Under this line are the records; repeat exactly the lines starting at the one containing "上回食記提到,在20多年前,當時的阿發和" and ending at the one containing "Na zakończenie dzieci", omitting pictures.

Top of Given data

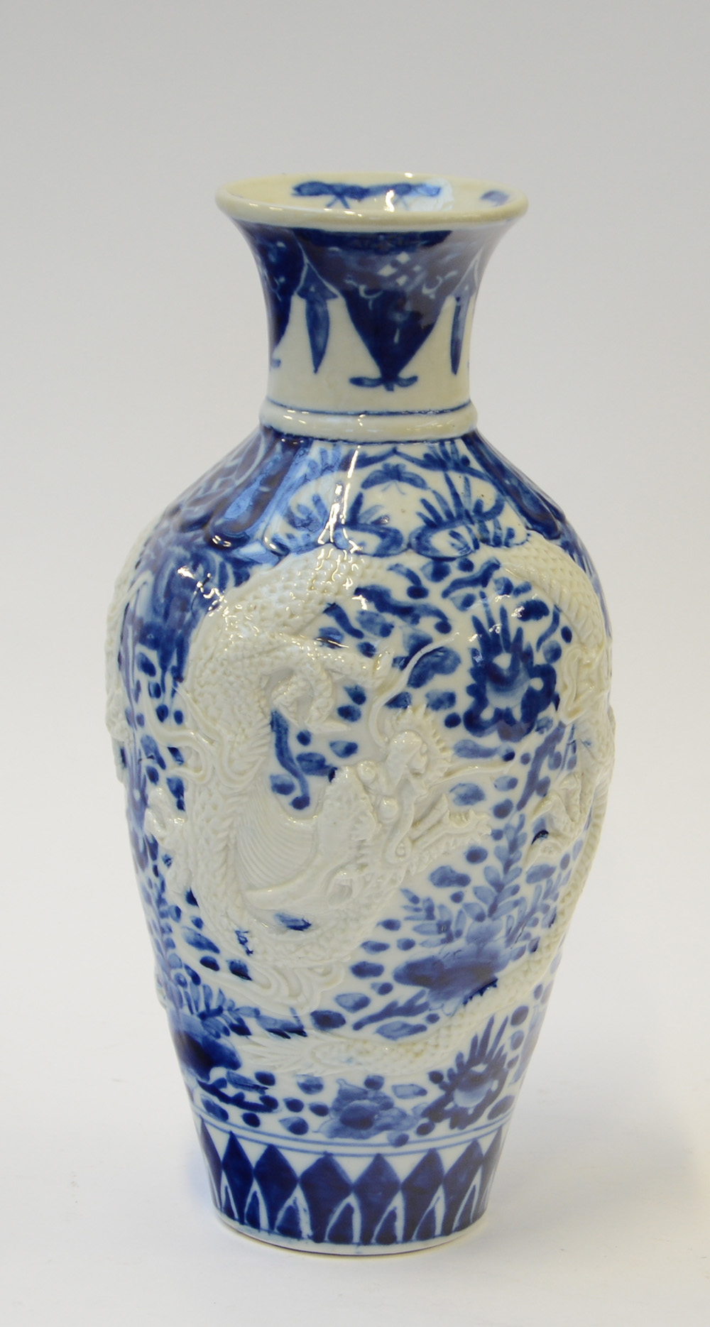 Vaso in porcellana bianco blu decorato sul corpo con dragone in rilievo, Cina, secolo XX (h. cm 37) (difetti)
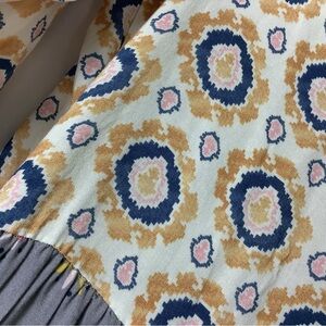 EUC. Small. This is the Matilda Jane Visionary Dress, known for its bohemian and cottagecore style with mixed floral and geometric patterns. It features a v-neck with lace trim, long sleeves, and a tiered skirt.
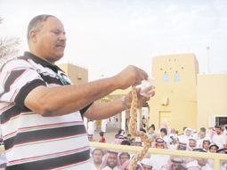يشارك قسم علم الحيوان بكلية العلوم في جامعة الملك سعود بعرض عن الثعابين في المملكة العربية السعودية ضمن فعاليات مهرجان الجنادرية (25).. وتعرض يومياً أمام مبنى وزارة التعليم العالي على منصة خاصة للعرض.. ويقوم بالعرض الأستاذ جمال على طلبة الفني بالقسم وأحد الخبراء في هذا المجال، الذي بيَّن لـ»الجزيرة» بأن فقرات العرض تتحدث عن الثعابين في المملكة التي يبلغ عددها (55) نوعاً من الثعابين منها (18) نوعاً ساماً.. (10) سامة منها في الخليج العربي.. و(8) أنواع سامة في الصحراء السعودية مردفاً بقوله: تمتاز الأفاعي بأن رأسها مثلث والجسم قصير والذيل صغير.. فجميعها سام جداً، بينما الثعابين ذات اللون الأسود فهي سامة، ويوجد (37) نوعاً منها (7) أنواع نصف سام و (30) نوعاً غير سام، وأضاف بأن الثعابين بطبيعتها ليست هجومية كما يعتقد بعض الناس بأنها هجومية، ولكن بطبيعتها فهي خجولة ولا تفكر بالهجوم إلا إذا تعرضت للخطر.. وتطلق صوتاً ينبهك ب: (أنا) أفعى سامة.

Bottom of Given data
Top of Given data

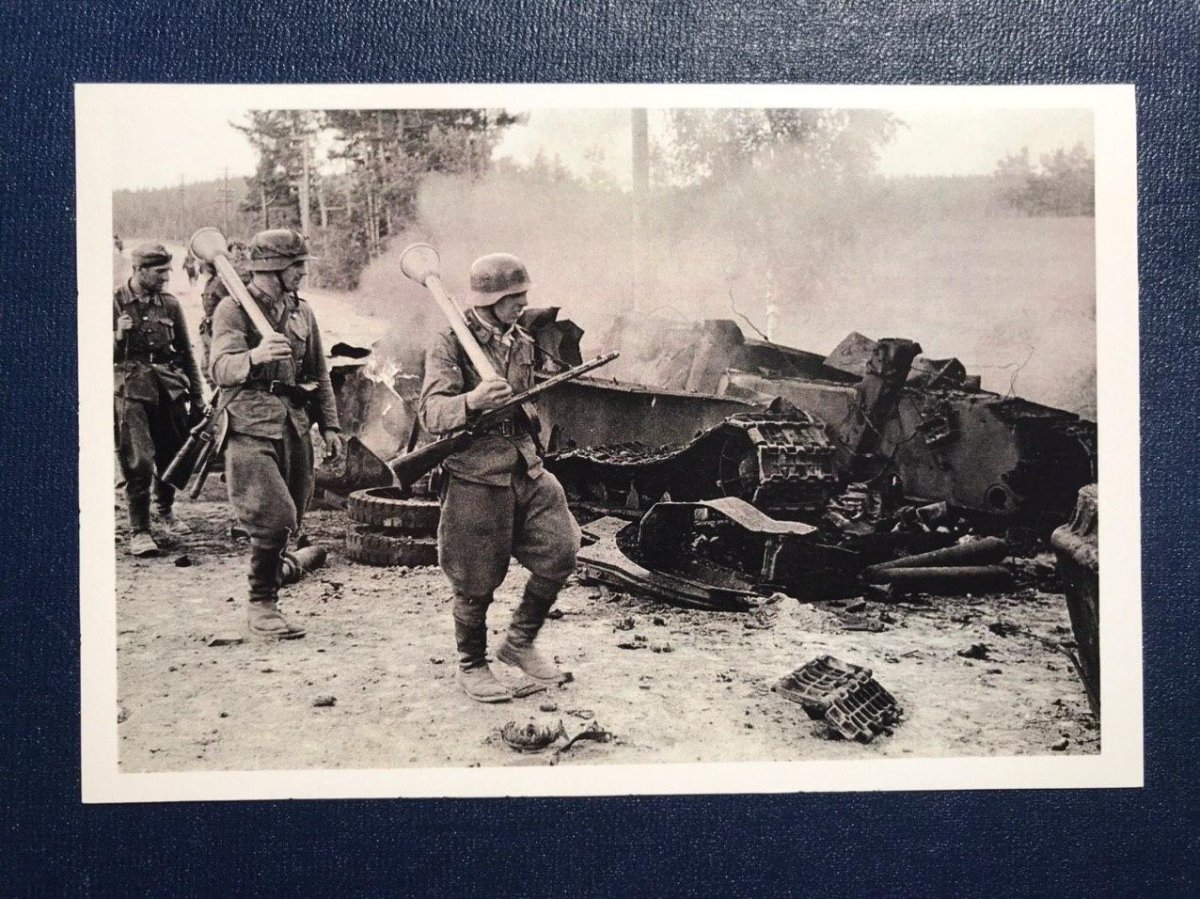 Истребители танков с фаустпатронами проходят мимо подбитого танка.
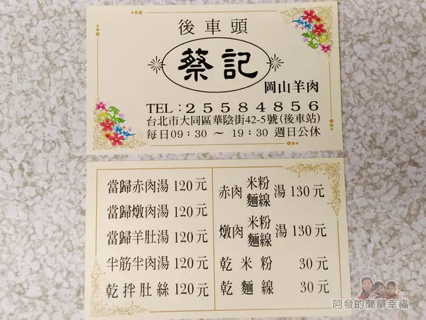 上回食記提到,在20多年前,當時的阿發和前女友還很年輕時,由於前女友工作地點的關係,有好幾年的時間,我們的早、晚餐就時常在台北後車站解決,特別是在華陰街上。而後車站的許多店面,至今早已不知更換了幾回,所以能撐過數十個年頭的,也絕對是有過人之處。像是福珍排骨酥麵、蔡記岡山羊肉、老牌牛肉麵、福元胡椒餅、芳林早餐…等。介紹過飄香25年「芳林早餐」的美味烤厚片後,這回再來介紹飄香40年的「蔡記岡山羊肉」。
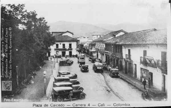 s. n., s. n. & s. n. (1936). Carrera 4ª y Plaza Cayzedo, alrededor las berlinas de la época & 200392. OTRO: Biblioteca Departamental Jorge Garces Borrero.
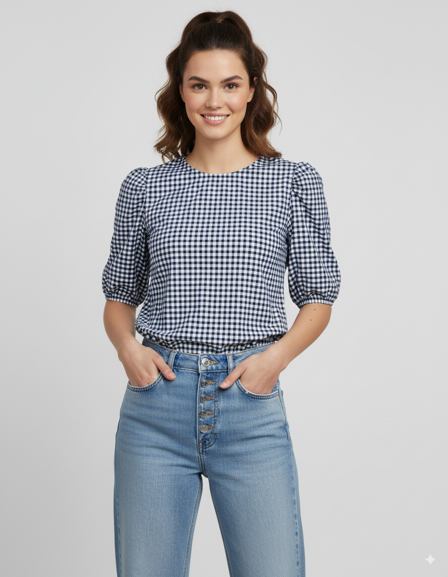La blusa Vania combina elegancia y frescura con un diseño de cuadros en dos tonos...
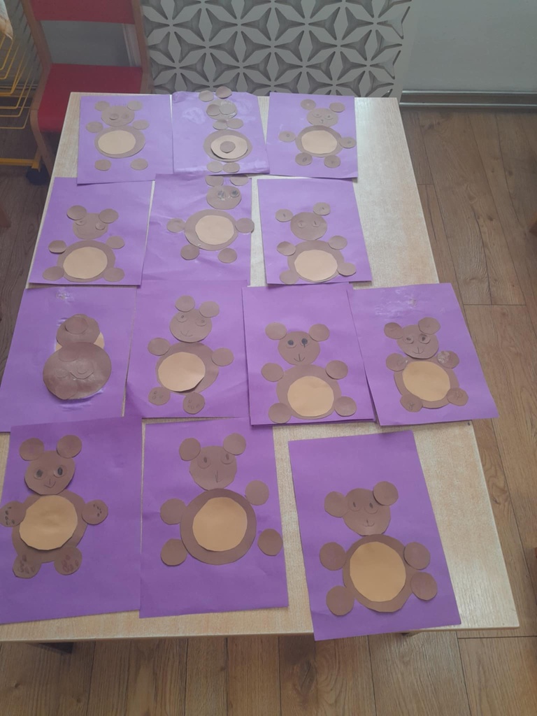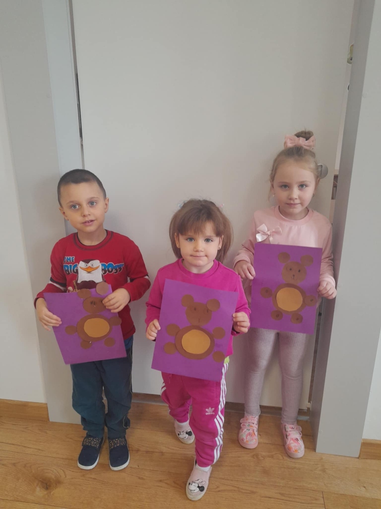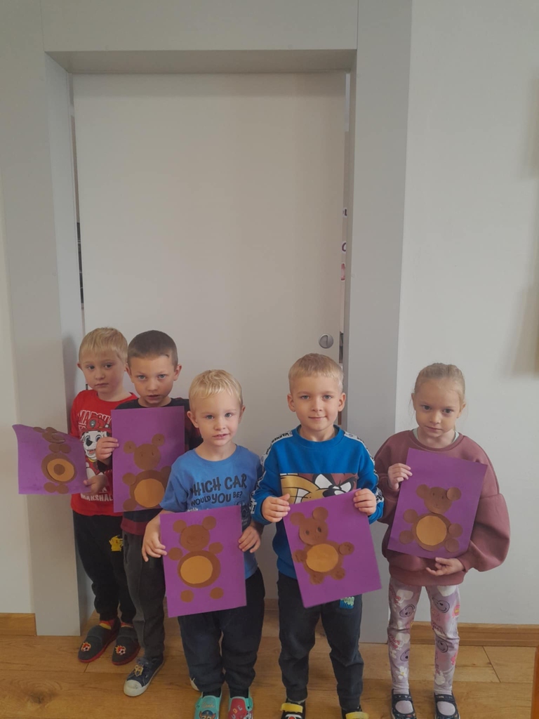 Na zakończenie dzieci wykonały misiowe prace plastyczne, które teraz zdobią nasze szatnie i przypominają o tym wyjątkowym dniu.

Bottom of Given data

Result of this exercise =
 上回食記提到,在20多年前,當時的阿發和前女友還很年輕時,由於前女友工作地點的關係,有好幾年的時間,我們的早、晚餐就時常在台北後車站解決,特別是在華陰街上。而後車站的許多店面,至今早已不知更換了幾回,所以能撐過數十個年頭的,也絕對是有過人之處。像是福珍排骨酥麵、蔡記岡山羊肉、老牌牛肉麵、福元胡椒餅、芳林早餐…等。介紹過飄香25年「芳林早餐」的美味烤厚片後,這回再來介紹飄香40年的「蔡記岡山羊肉」。
 s. n., s. n. & s. n. (1936). Carrera 4ª y Plaza Cayzedo, alrededor las berlinas de la época & 200392. OTRO: Biblioteca Departamental Jorge Garces Borrero.
La blusa Vania combina elegancia y frescura con un diseño de cuadros en dos tonos...
 Na zakończenie dzieci wykonały misiowe prace plastyczne, które teraz zdobią nasze szatnie i przypominają o tym wyjątkowym dniu.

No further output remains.